### WHAT THIS TASK INVOLVES
Taking the listing below, restate word for word each line from the line with "No need to drill" to the line with "Elinor Ostrom in", ends included, and stop there.

### DATA PROVIDED
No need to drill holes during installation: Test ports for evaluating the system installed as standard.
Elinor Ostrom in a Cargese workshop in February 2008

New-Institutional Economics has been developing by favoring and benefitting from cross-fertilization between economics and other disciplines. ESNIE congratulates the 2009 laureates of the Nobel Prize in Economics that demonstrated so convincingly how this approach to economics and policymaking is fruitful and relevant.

...

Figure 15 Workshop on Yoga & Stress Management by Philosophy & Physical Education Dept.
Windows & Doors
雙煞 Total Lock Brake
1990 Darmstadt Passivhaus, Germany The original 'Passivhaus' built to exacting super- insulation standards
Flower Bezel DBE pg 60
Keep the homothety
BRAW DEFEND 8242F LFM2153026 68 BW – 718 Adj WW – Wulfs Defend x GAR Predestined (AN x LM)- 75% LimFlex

### ANSWER SECTION
No need to drill holes during installation: Test ports for evaluating the system installed as standard.
Elinor Ostrom in a Cargese workshop in February 2008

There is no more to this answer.